787. Sliding Puzzle

• Difficulty: Hard

• Topics: Breadth-first Search

• Similar Questions:

Problem:

On a 2x3 board, there are 5 tiles represented by the integers 1 through 5, and an empty square represented by 0.

A move consists of choosing 0 and a 4-directionally adjacent number and swapping it.

The state of the board is solved if and only if the board is [[1,2,3],[4,5,0]].

Given a puzzle board, return the least number of moves required so that the state of the board is solved. If it is impossible for the state of the board to be solved, return -1.

Examples:

Input: board = [[1,2,3],[4,0,5]]
Output: 1
Explanation: Swap the 0 and the 5 in one move.

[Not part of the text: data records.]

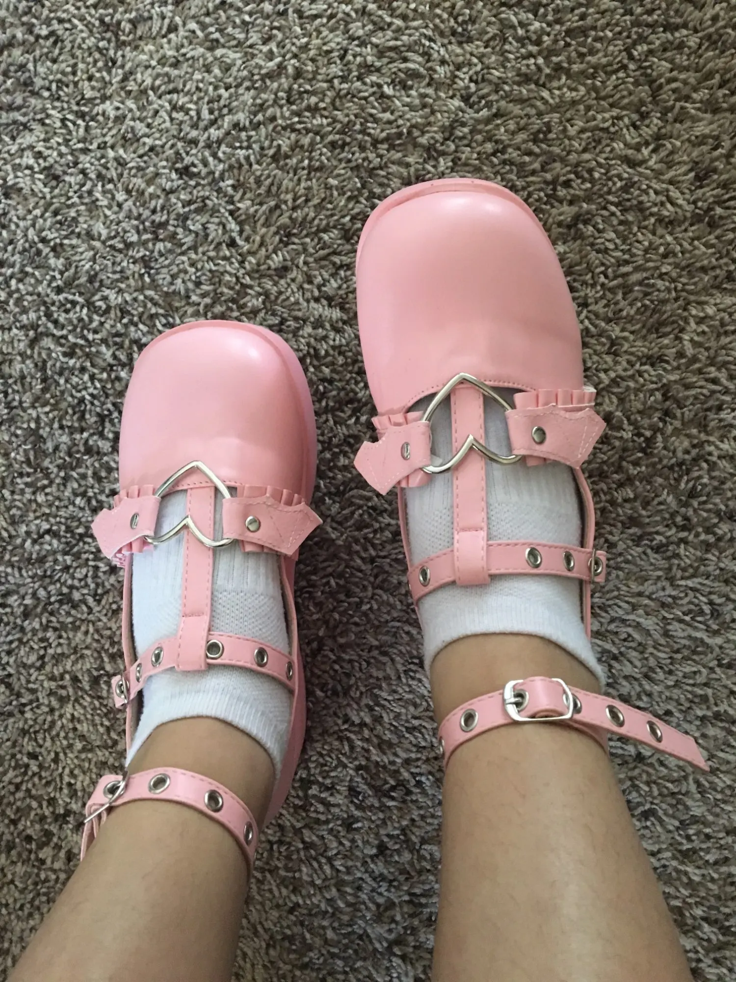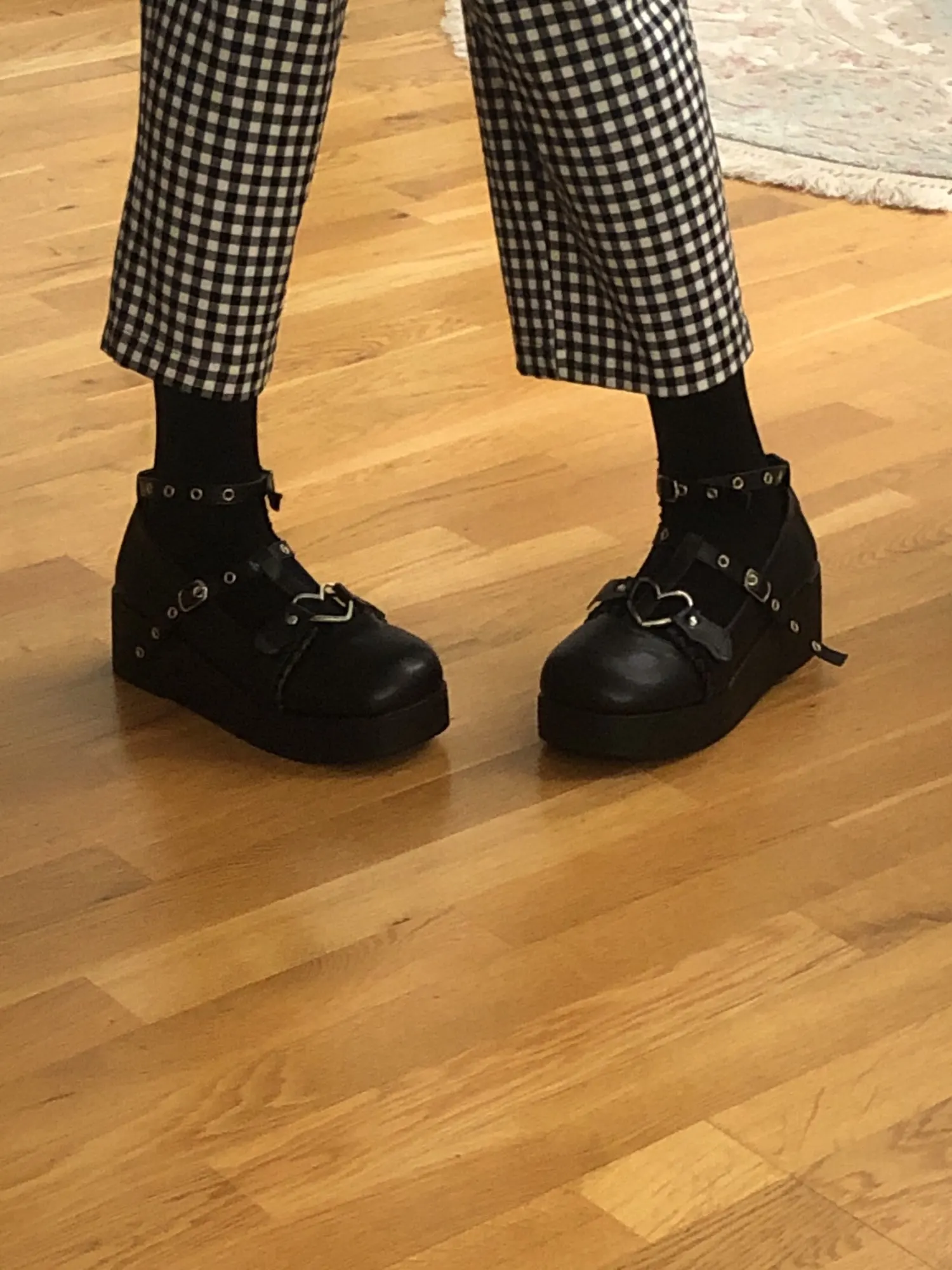 Обувь скоро прибыла. Я проверил их, когда получил их. Никаких дефектов и клея. Длина моей стопы около 24 см или 23,7 см. Я выбрал размер 7,5, который очень подходит. Он хорошо выглядит с белыми носками, и он также очень подходит для милой одежды или готической одежды, немного милый и немного крутой
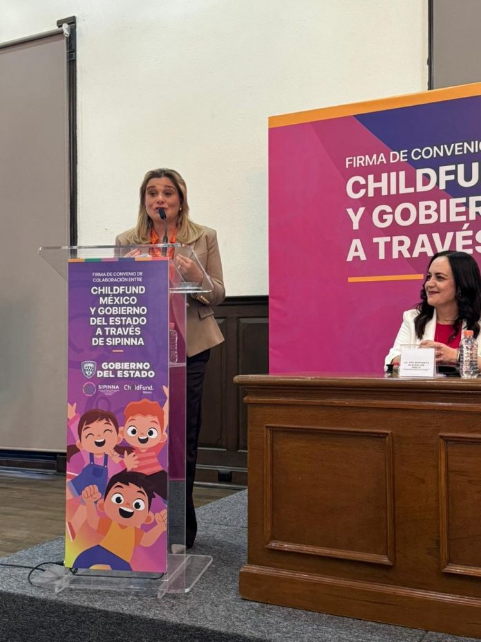Delicias.- En un esfuerzo conjunto por promover el bienestar y desarrollo integral de la niñez, la presidenta del DIF en Delicias, Alma Limas de Valenciano, estuvo presente en la firma del convenio encabezado por la Gobernadora Maru Campos, la asociación ChildFound México y el Sistema Integral de Protección a Niñas, Niños y Adolescentes (Sippina), en el que se unieron en este compromiso, el cual busca impactar de manera positiva en la vida de los niños.
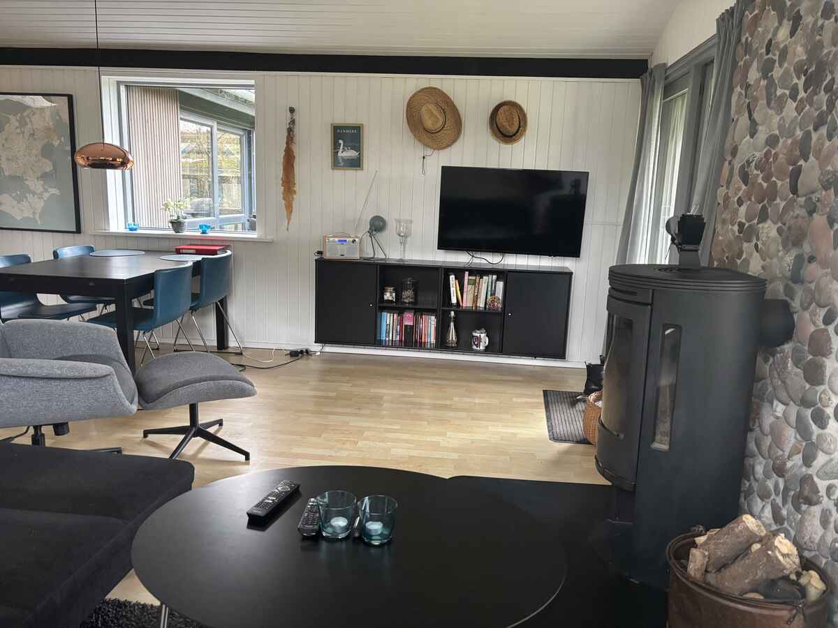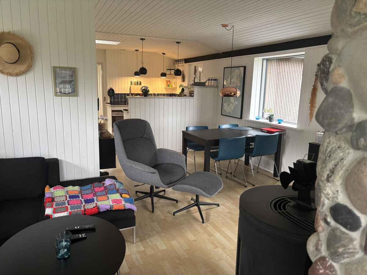 Huset har 3 soveværelser og kan rumme op til 6 personer fordelt på 3 enkeltsenge, 1 køjeseng og 1 dobbeltseng. Derudover er der et dejligt badeværelse, et funktionelt køkken og en hyggelig stue med brændeovn, hvor man kan slappe af efter en dag fyldt med aktiviteter. Huset er hyggeligt indrettet med fokus på det funktionelle og uden at det bliver for fint.
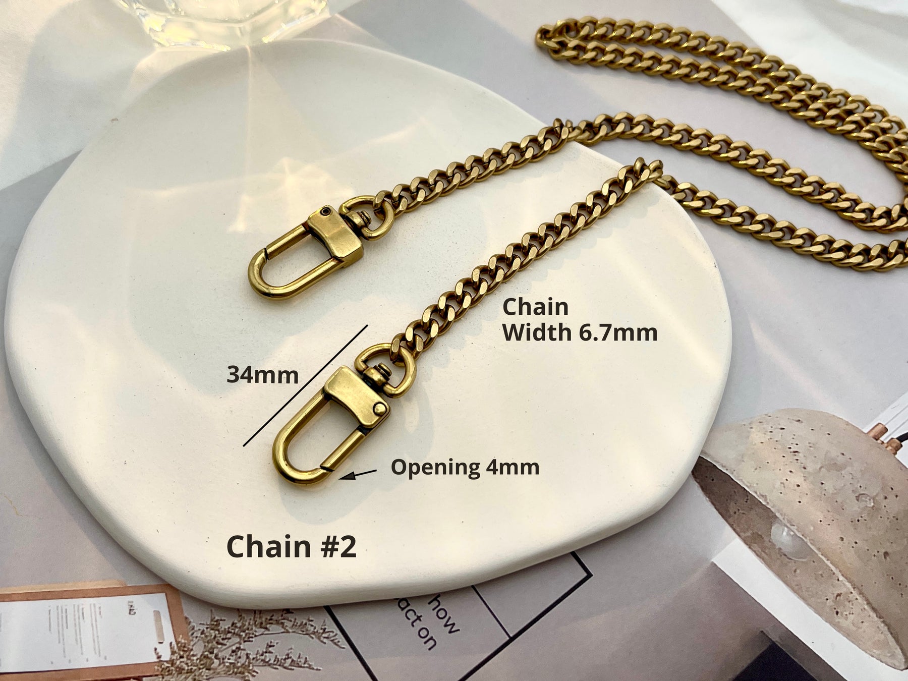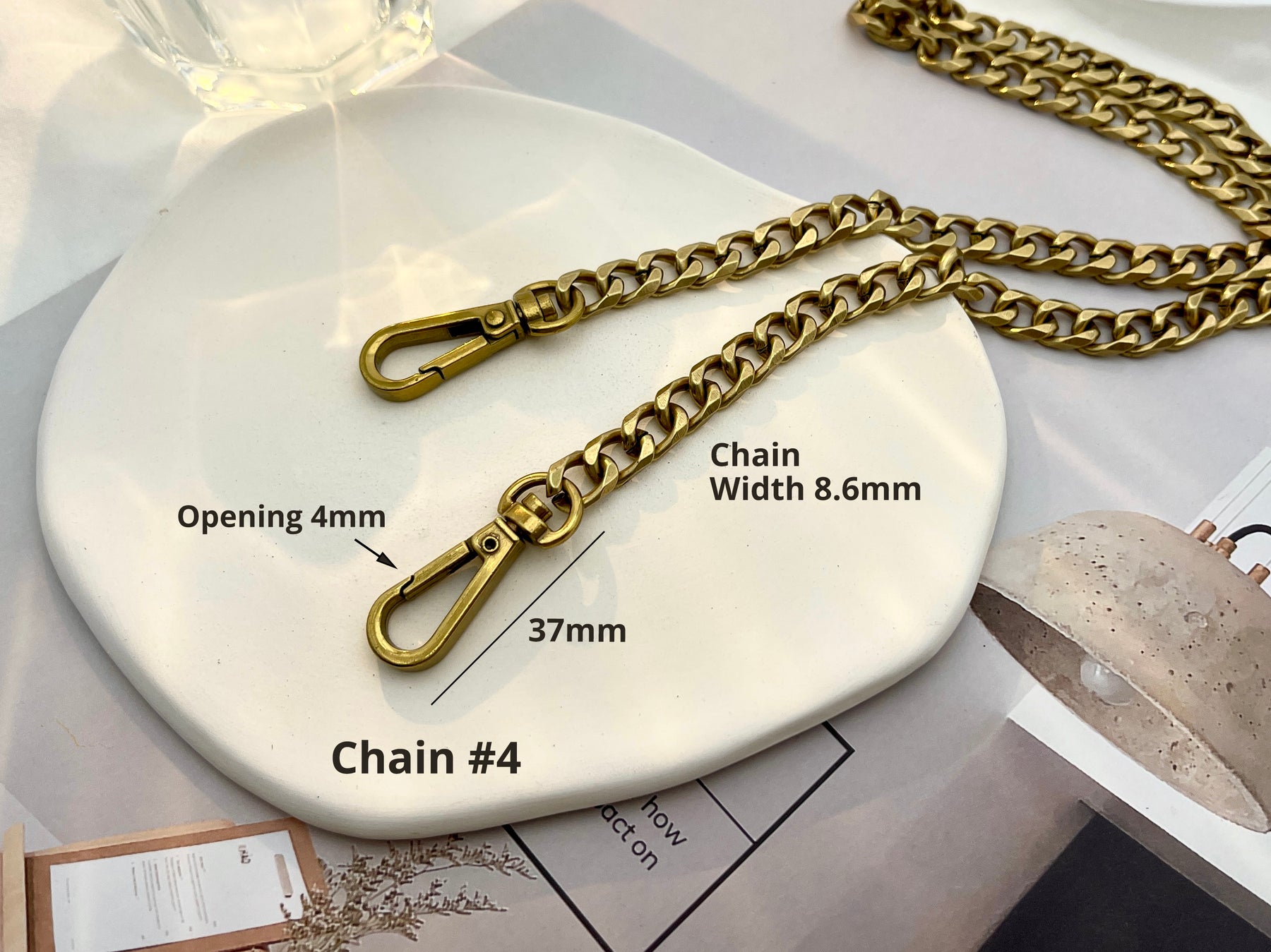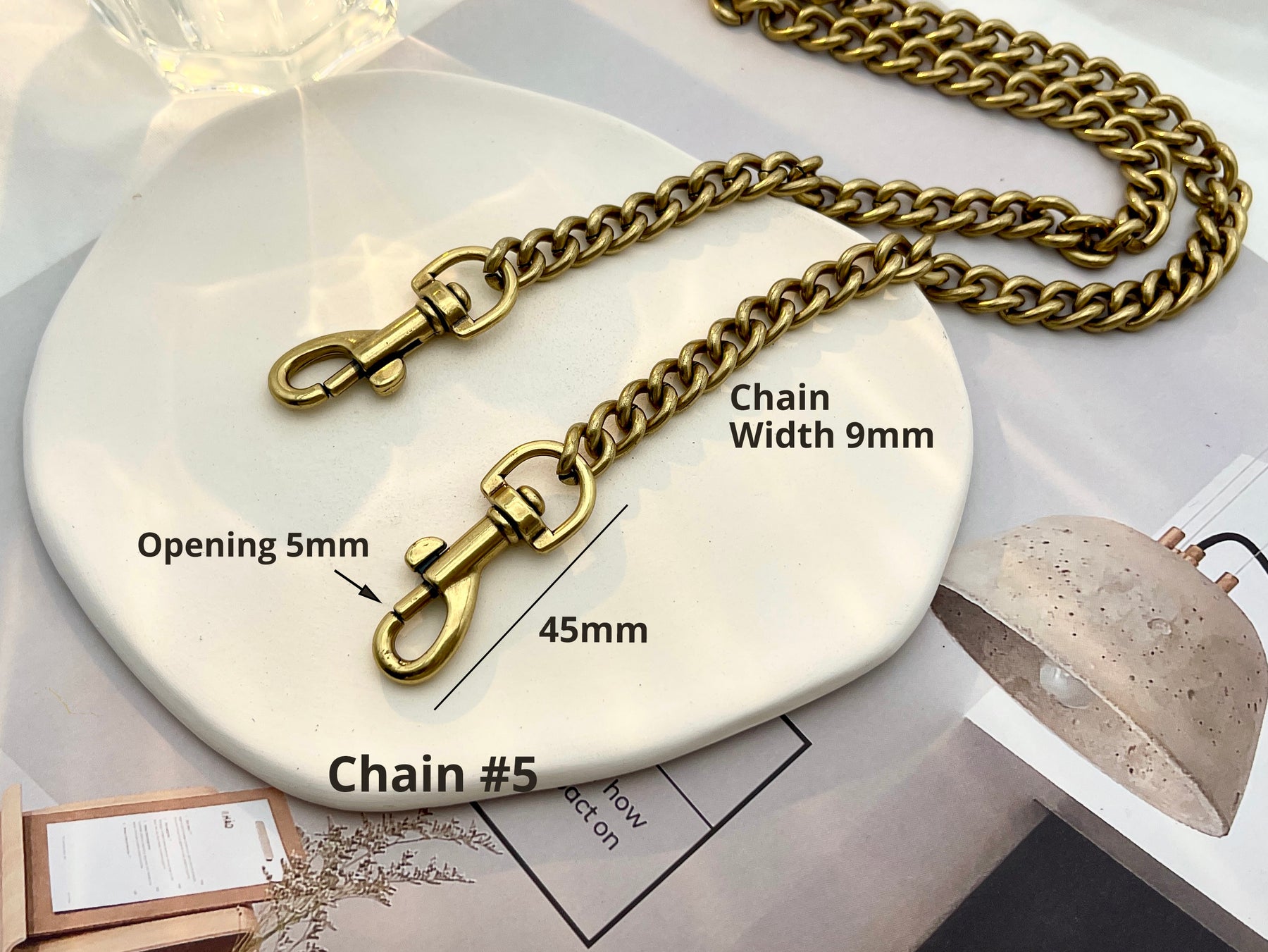 Elevate your bags with our high-quality bag chain straps. Available in an antique gold color, these straps offer a touch of elegance to your accessories. Choose from five different chain styles to suit your style and preference. Crafted with durability in mind, these bag chain straps are designed to withstand everyday use.

Input: board = [[1,2,3],[5,4,0]]
Output: -1
Explanation: No number of moves will make the board solved.

Input: board = [[4,1,2],[5,0,3]]
Output: 5
Explanation: 5 is the smallest number of moves that solves the board.
An example path:
After move 0: [[4,1,2],[5,0,3]]
After move 1: [[4,1,2],[0,5,3]]
After move 2: [[0,1,2],[4,5,3]]
After move 3: [[1,0,2],[4,5,3]]
After move 4: [[1,2,0],[4,5,3]]
After move 5: [[1,2,3],[4,5,0]]

Input: board = [[3,2,4],[1,5,0]]
Output: 14

Note:

• board will be a 2 x 3 array as described above.
• board[i][j] will be a permutation of [0, 1, 2, 3, 4, 5].

Solutions:

class Solution {
public:
    int slidingPuzzle(vector<vector<int>>& board) {
        string start;
        int row, col;
        for (int i = 0; i < 2; ++i) {
            for (int j = 0; j < 3; ++j) {
                start.push_back(board[i][j] + '0');
                if (board[i][j] == 0) {
                    row = i;
                    col = j;
                }
            }
        }

        unordered_set<string> visited;
        queue<pair<string, int>> q;
        q.push({start, 3 * row + col});
        string end = "123450";

        int ret = 0;
        while (!q.empty()) {
            int size = q.size();
            for (int i = 0; i < size; ++i) {
                string state = q.front().first;
                int pos = q.front().second;
                q.pop();

                if (visited.count(state) > 0)   continue;
                visited.insert(state);

                if (state == end)   return ret;
                for (auto neighbor : neighbors[pos]) {
                    swap(state[pos], state[neighbor]);
                    q.push({state, neighbor});
                    swap(state[pos], state[neighbor]);
                }
            }
            ++ret;
        }

        return -1;
    }

private:
    vector<vector<int>> neighbors = {
        {1, 3}, // 0
        {0, 2, 4}, // 1
        {1, 5}, // 2
        {0, 4}, // 3
        {1, 3, 5}, // 4
        {2, 4}, // 5
    };

};